[Action item] With any pictures left out, restate word for word the lines in the listing below from the one holding "宇都宮章子さんによる麹ワーク" through the last.
------ Given data ------
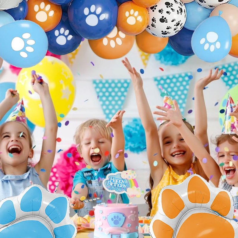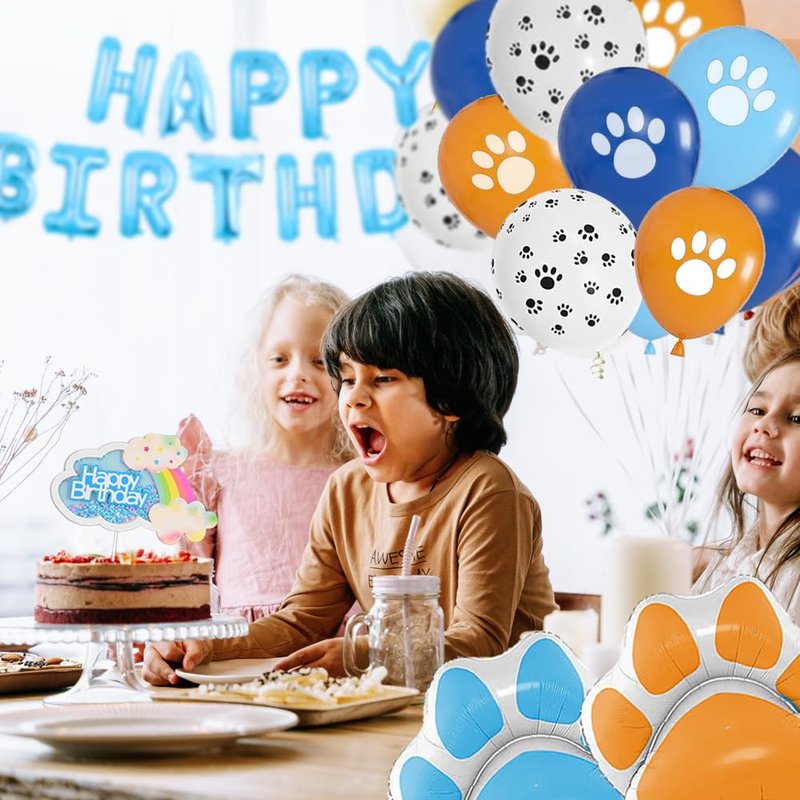 - 【Package Included】Dress up your Blue Dog birthday party decorations or Blue Dog birthday party with this Blue Dog Paw balloon. Include 1 Blue and Orange Dog Paw Foil Balloons 24 Dog Paw Print Latex Balloon 1 Blue Happy Birthday Cake Topper 1 Blue Foil Balloons Banner.
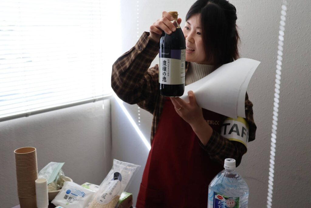 宇都宮章子さんによる麹ワークショップでは、チャック付き袋で塩麹と醤油麹をつくりました。持ち帰って、毎日袋を開けて空気を送って袋を揉んで、1週間ほどで完成します。宇都宮さんは「麹は生きもの。途中で水分が足りなかったら水や醤油を足して育ててください」と話します。早く発酵させたい場合は、炊飯器の保温機能を使って、60℃の湯に8時間ほどつけておく方法も紹介されました。
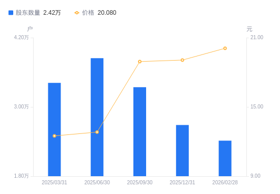 3月23日消息,数据显示,截至2025年12月31日,A股股东总户数为2.69万户,较上期(2025年9月30日)减少6556户,降幅19.62%。公司最新A股总股本为7.87亿股,其中流通A股6.98亿股,户均持有流通A股数量为2.6万股,较上期增加5099.61股,增幅24.41%;户均持流通A股市值49.54万元,较上期增加9.99万元,增幅25.26%。
------
[Answer section]
 宇都宮章子さんによる麹ワークショップでは、チャック付き袋で塩麹と醤油麹をつくりました。持ち帰って、毎日袋を開けて空気を送って袋を揉んで、1週間ほどで完成します。宇都宮さんは「麹は生きもの。途中で水分が足りなかったら水や醤油を足して育ててください」と話します。早く発酵させたい場合は、炊飯器の保温機能を使って、60℃の湯に8時間ほどつけておく方法も紹介されました。
 3月23日消息,数据显示,截至2025年12月31日,A股股东总户数为2.69万户,较上期(2025年9月30日)减少6556户,降幅19.62%。公司最新A股总股本为7.87亿股,其中流通A股6.98亿股,户均持有流通A股数量为2.6万股,较上期增加5099.61股,增幅24.41%;户均持流通A股市值49.54万元,较上期增加9.99万元,增幅25.26%。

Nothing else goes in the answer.